### Work required
Write out the following listing's lines from the one with "rozdzielczości do 5760x3840." to the one with "Navy blue T-shirt", exactly, with both included and no others.

[Opening Data shown section]

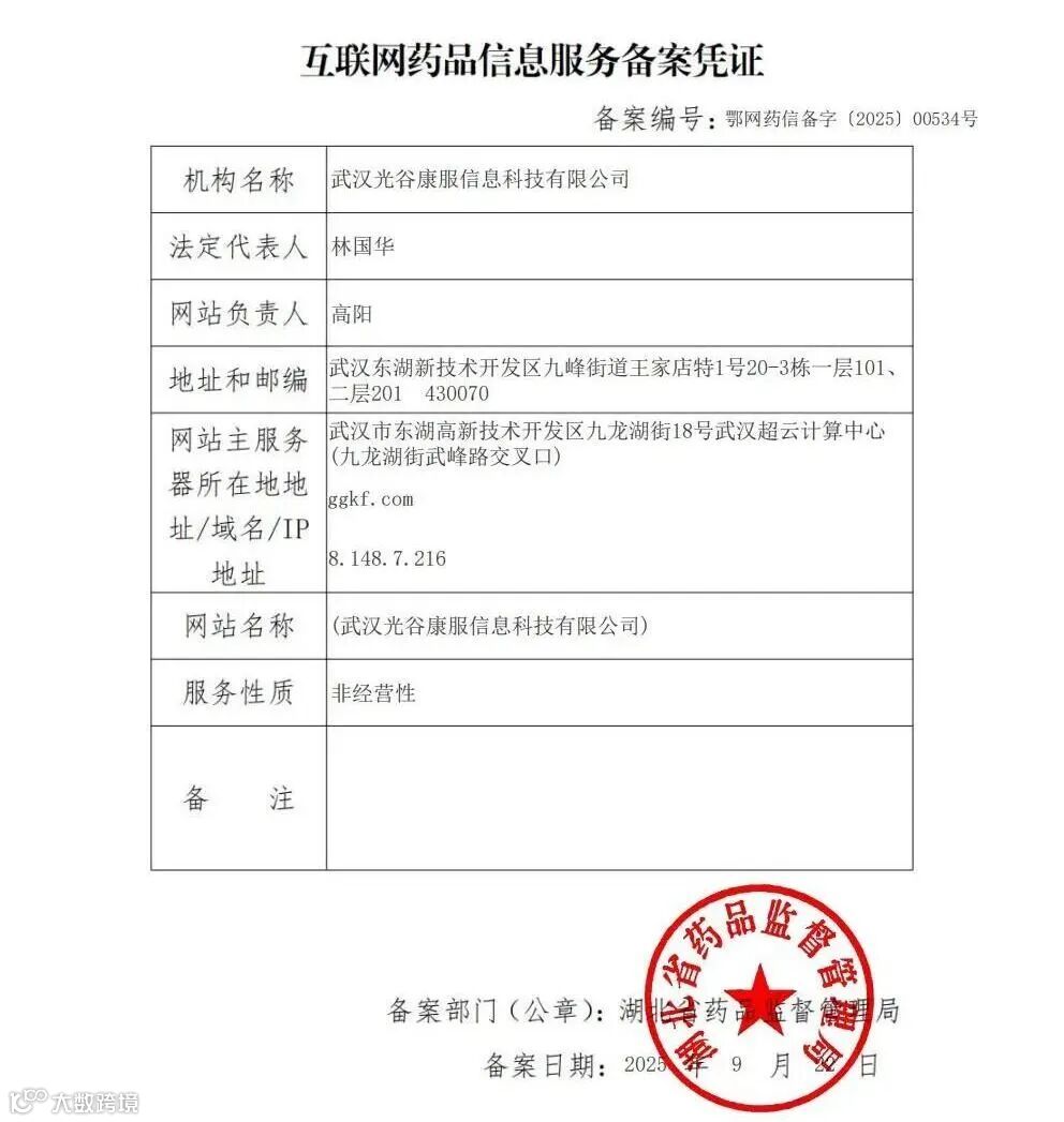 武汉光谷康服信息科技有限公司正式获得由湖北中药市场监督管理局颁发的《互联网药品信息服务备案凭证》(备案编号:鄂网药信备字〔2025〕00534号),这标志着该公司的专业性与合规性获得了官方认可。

[Closing Data shown section]
[Opening Data shown section]

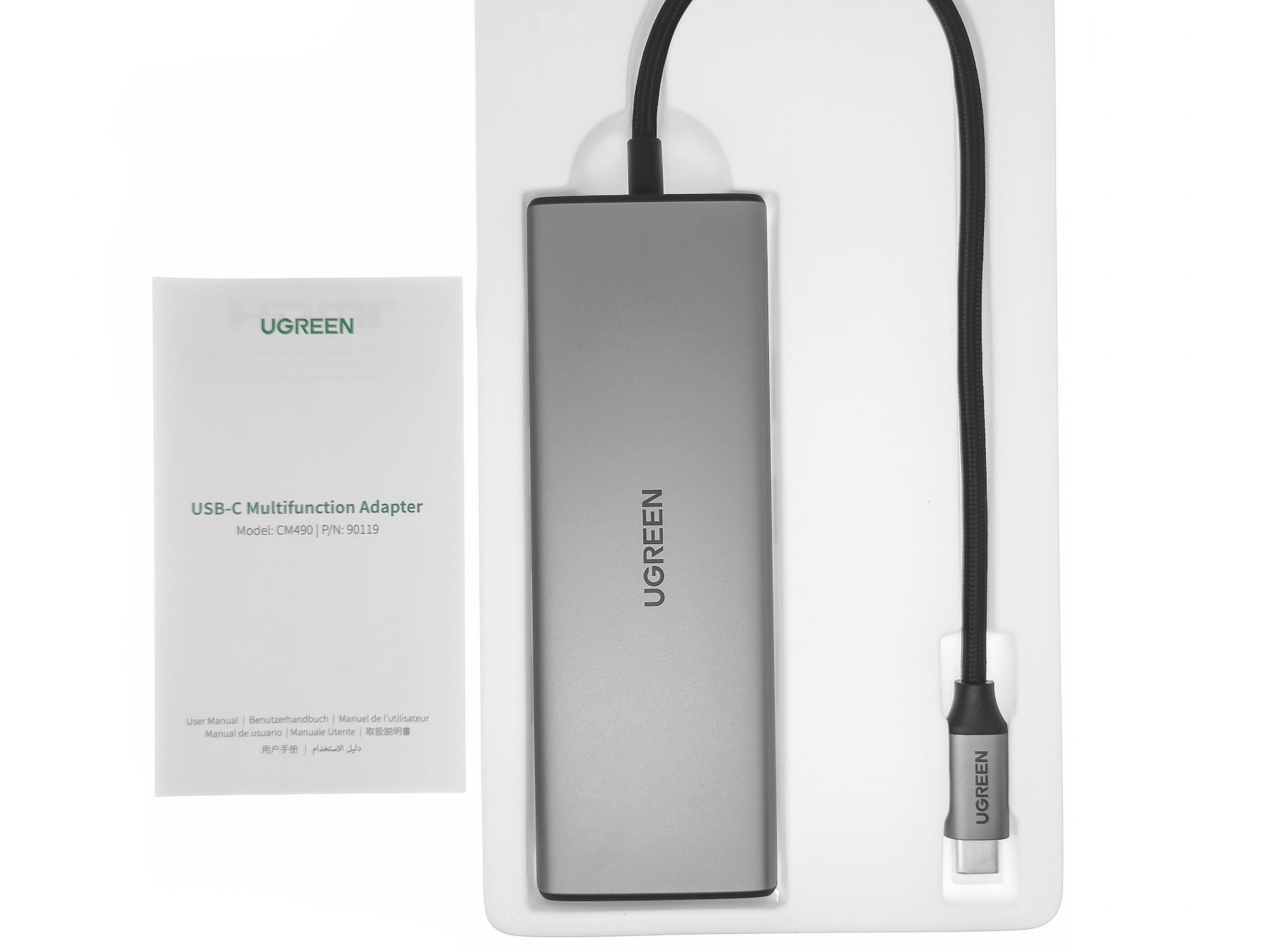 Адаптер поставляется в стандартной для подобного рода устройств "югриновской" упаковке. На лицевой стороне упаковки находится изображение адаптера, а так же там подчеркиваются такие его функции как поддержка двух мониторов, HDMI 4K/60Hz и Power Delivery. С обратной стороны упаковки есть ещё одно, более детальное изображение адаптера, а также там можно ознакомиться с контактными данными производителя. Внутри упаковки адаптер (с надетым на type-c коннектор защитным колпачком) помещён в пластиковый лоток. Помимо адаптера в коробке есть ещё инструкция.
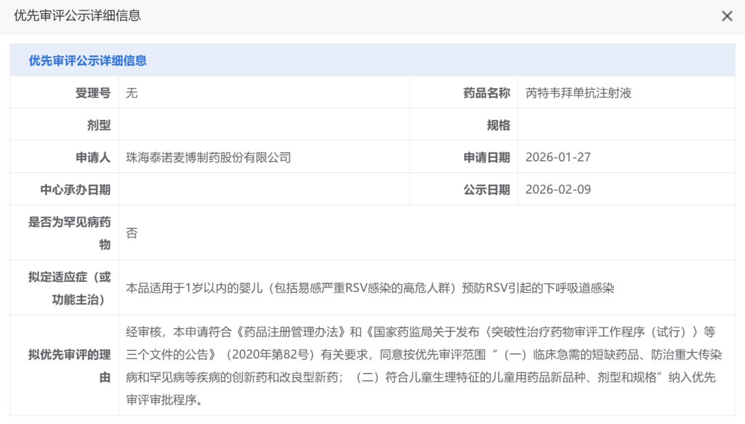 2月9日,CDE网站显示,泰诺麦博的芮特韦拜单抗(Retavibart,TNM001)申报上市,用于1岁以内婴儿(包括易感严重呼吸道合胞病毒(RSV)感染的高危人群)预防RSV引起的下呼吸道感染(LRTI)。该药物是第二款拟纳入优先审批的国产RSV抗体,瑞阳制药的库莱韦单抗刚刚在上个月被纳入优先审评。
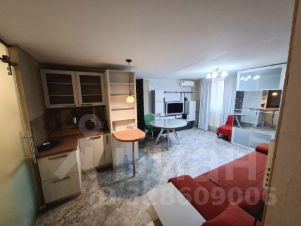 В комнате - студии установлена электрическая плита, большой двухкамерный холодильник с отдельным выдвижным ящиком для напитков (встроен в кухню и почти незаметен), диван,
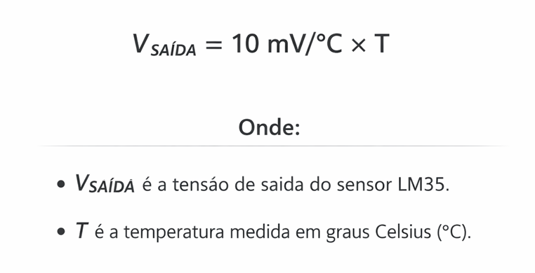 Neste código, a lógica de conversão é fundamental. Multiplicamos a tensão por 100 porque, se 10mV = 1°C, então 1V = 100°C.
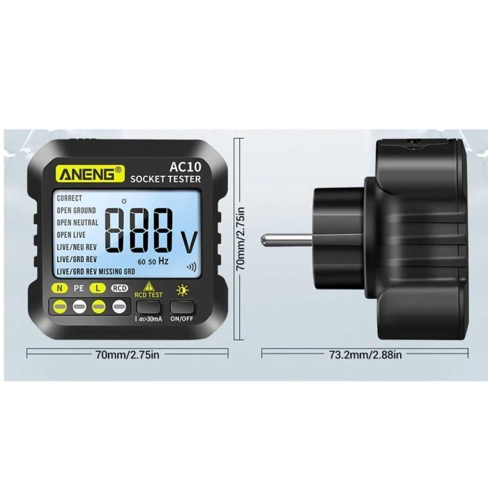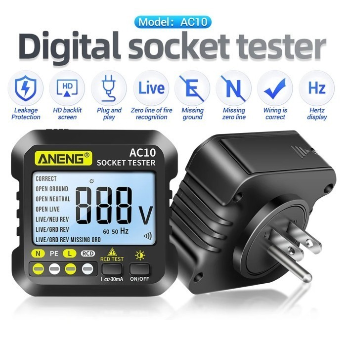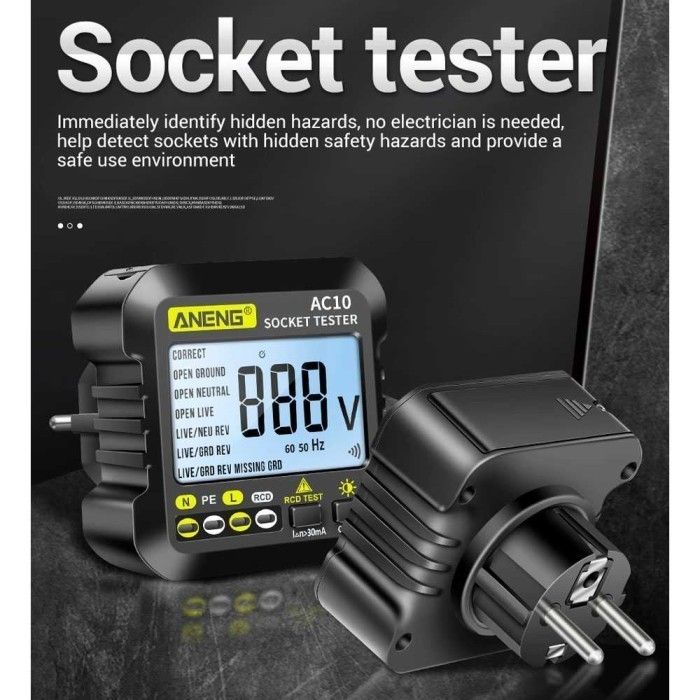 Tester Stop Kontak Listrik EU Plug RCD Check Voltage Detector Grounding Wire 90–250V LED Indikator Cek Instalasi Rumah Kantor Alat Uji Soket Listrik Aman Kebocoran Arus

[Closing Data shown section]
[Opening Data shown section]

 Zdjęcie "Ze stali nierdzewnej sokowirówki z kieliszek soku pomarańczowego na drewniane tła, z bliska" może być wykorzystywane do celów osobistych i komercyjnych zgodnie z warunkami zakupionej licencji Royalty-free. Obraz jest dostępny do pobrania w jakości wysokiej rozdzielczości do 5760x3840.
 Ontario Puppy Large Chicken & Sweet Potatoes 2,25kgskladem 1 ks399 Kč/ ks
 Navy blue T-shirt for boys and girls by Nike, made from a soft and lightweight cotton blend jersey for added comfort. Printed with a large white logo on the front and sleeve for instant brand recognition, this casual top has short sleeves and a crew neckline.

[Closing Data shown section]

### Solution to this task
 Zdjęcie "Ze stali nierdzewnej sokowirówki z kieliszek soku pomarańczowego na drewniane tła, z bliska" może być wykorzystywane do celów osobistych i komercyjnych zgodnie z warunkami zakupionej licencji Royalty-free. Obraz jest dostępny do pobrania w jakości wysokiej rozdzielczości do 5760x3840.
 Ontario Puppy Large Chicken & Sweet Potatoes 2,25kgskladem 1 ks399 Kč/ ks
 Navy blue T-shirt for boys and girls by Nike, made from a soft and lightweight cotton blend jersey for added comfort. Printed with a large white logo on the front and sleeve for instant brand recognition, this casual top has short sleeves and a crew neckline.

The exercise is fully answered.